*** Opening Supplied records ***

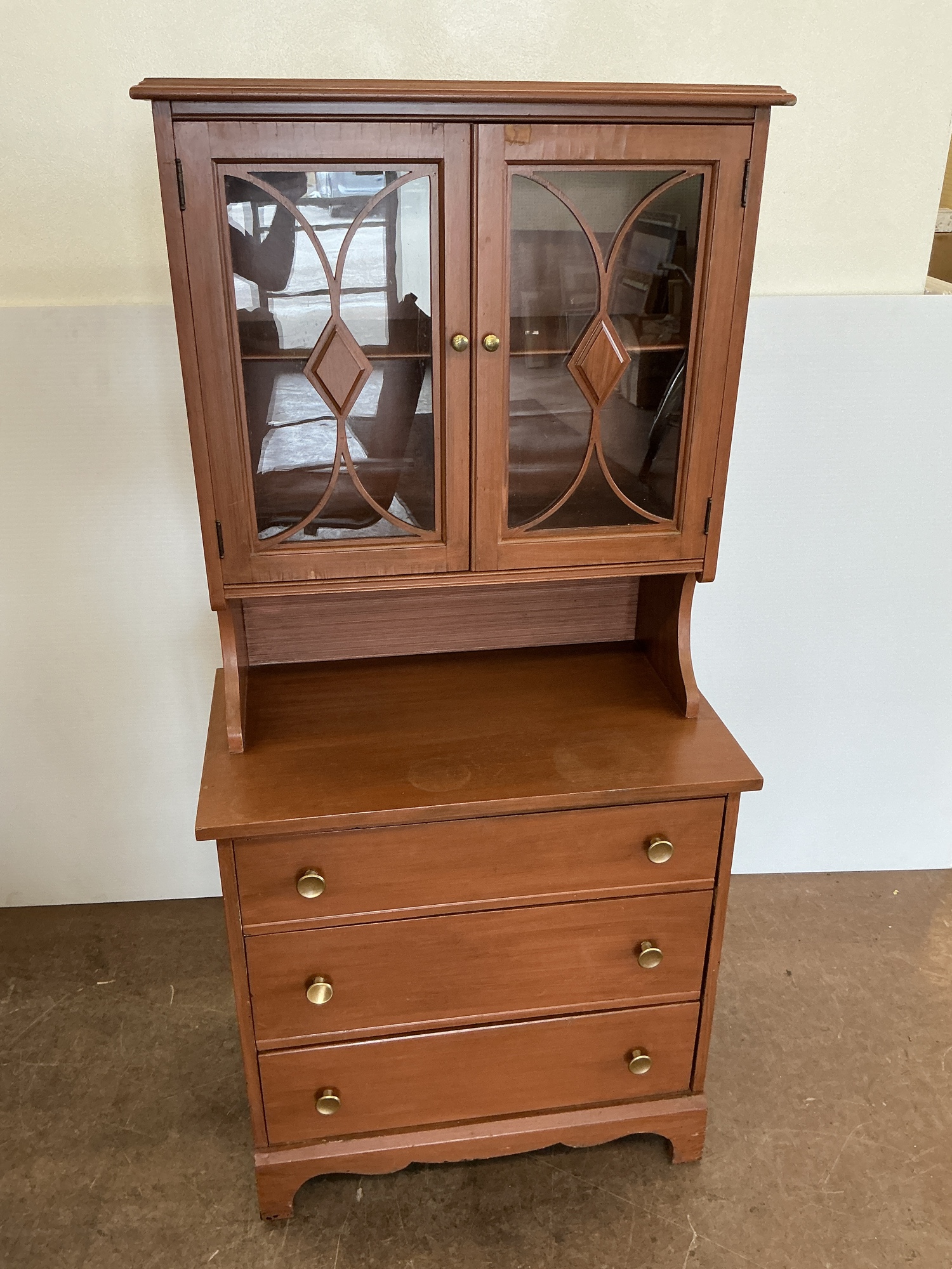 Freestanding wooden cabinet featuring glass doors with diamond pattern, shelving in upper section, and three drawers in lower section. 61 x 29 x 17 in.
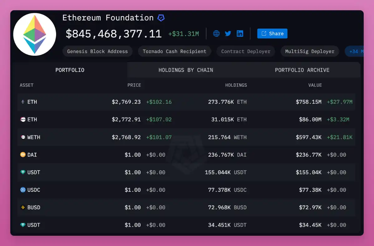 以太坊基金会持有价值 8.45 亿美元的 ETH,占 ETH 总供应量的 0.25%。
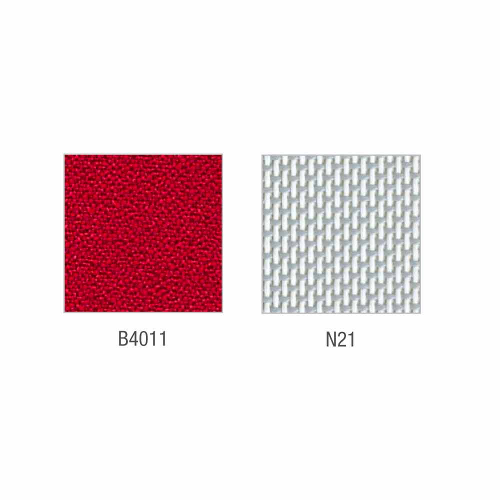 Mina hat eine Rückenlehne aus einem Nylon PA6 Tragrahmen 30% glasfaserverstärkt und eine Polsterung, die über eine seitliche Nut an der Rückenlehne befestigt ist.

*** Closing Supplied records ***
*** Opening Supplied records ***

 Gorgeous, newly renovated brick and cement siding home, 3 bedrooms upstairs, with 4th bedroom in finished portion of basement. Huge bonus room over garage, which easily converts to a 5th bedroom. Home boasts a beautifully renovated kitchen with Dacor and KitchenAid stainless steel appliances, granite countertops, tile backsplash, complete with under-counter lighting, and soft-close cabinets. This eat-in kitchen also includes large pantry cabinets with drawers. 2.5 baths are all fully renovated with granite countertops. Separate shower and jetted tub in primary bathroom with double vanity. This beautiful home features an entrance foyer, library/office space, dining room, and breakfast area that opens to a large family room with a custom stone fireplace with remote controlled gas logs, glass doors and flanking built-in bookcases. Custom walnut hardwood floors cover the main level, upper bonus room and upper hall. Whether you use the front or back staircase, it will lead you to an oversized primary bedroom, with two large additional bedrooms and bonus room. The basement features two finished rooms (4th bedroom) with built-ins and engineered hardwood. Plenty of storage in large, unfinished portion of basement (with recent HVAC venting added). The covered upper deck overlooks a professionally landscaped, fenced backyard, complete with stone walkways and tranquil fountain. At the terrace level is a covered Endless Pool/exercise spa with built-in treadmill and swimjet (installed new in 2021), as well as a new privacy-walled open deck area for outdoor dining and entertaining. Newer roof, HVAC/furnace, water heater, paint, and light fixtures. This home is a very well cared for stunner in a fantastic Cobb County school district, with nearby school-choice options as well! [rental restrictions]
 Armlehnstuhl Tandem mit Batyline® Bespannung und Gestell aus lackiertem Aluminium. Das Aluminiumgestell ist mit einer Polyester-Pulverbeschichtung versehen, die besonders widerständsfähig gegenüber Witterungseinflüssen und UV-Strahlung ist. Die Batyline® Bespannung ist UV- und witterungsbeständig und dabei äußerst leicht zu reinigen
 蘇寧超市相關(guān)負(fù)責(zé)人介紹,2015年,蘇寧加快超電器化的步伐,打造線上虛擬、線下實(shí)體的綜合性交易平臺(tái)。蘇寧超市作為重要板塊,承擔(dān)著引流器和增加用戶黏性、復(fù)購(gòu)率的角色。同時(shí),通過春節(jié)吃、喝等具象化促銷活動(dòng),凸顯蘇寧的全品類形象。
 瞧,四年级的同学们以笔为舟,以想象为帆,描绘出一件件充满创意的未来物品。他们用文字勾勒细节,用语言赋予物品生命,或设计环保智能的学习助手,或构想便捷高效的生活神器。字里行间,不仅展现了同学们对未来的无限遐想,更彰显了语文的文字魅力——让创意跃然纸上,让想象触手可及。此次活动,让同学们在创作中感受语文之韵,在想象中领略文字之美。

*** Closing Supplied records ***
*** Opening Supplied records ***

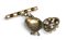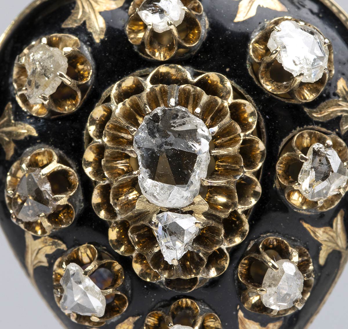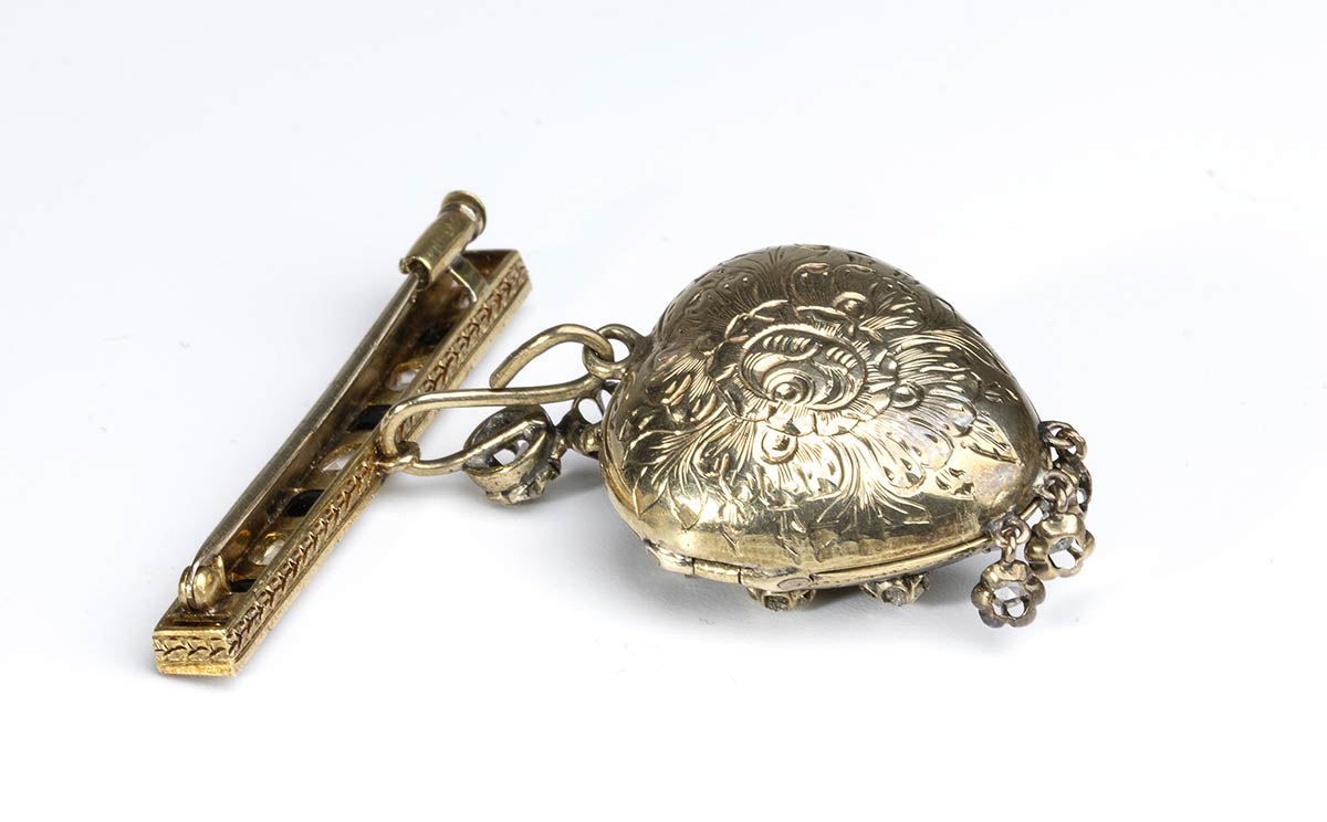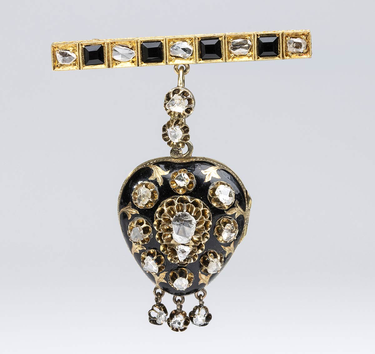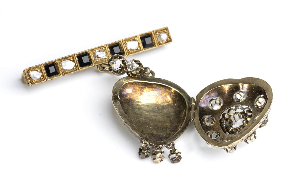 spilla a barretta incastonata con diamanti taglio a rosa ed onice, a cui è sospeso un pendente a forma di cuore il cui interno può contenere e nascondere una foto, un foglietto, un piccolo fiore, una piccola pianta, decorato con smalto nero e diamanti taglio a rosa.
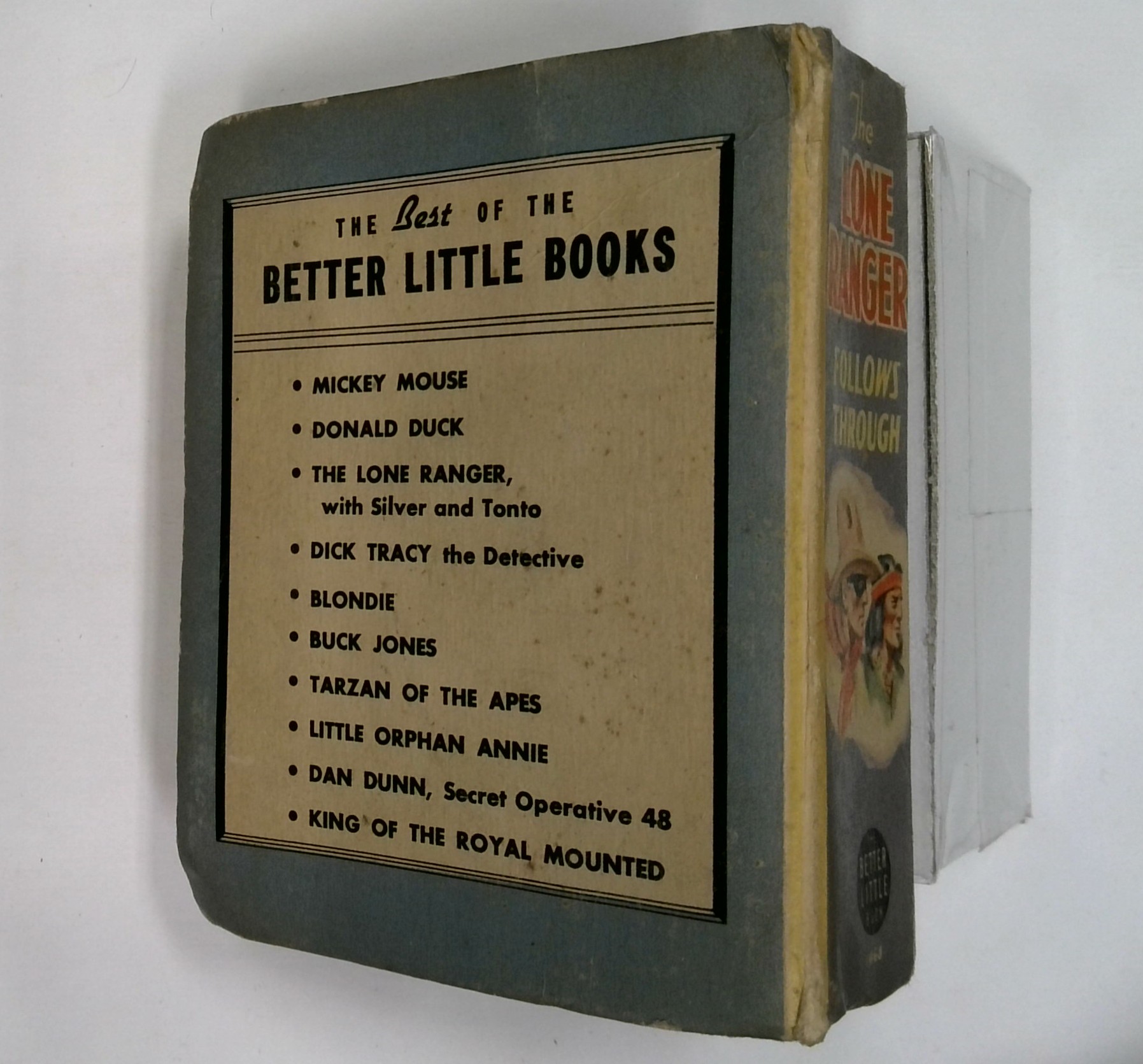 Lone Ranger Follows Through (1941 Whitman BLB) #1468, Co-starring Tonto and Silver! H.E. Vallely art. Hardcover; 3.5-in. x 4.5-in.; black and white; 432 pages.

*** Closing Supplied records ***

Assignment
From the records above, copy only the lines running from the line containing "Freestanding wooden cabinet" to the line containing "Mina hat eine", both ends included. Leave the pictures out.

Exercise solution
 Freestanding wooden cabinet featuring glass doors with diamond pattern, shelving in upper section, and three drawers in lower section. 61 x 29 x 17 in.
 以太坊基金会持有价值 8.45 亿美元的 ETH,占 ETH 总供应量的 0.25%。
 Mina hat eine Rückenlehne aus einem Nylon PA6 Tragrahmen 30% glasfaserverstärkt und eine Polsterung, die über eine seitliche Nut an der Rückenlehne befestigt ist.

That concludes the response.